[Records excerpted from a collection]
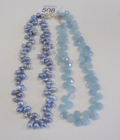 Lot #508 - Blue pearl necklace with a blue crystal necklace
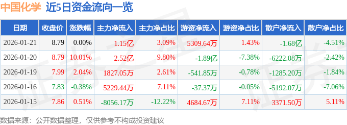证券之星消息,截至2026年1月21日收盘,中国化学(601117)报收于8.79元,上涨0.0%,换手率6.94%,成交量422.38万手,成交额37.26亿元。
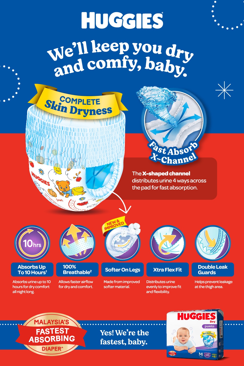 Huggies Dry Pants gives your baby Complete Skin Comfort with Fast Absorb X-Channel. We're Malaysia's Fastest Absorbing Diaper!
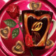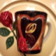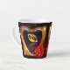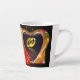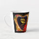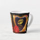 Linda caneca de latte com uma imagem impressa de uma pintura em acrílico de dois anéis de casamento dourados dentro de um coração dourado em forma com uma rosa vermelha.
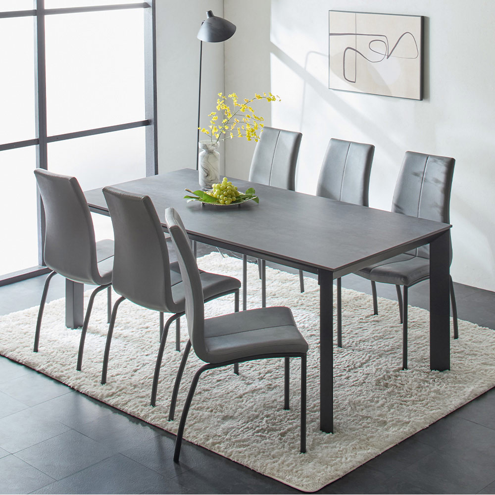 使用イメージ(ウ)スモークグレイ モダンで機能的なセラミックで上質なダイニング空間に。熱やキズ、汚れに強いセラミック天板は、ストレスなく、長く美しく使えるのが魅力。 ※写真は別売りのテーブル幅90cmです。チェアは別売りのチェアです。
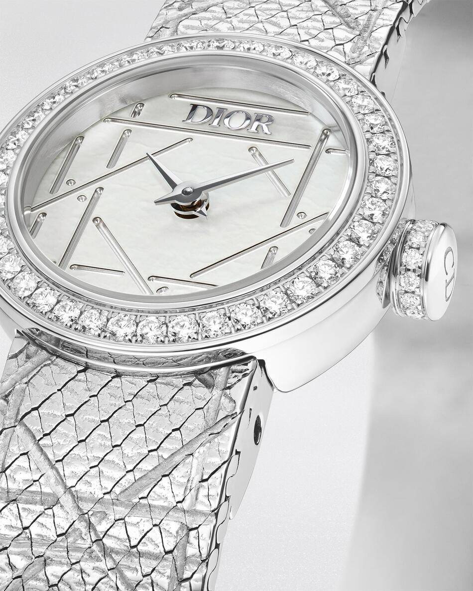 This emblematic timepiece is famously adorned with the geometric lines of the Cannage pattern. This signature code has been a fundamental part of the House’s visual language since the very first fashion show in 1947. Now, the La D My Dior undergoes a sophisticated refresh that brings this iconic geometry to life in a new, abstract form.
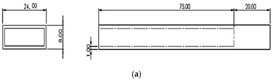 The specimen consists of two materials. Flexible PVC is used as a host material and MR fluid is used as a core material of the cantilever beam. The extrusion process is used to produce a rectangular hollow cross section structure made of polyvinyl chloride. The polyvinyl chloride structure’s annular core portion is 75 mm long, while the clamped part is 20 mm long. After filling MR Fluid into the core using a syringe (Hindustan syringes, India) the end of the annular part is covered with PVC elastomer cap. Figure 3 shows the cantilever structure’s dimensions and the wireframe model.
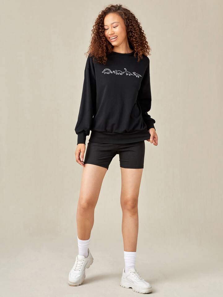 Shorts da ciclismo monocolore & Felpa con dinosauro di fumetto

*Activity*
Write out exactly the run of lines above that starts at the line containing "证券之星消息,截至2026年" and ends at the line containing "Huggies Dry Pants". Include both, and leave the pictures out.

*Response for this exercise*
证券之星消息,截至2026年1月21日收盘,中国化学(601117)报收于8.79元,上涨0.0%,换手率6.94%,成交量422.38万手,成交额37.26亿元。
 Huggies Dry Pants gives your baby Complete Skin Comfort with Fast Absorb X-Channel. We're Malaysia's Fastest Absorbing Diaper!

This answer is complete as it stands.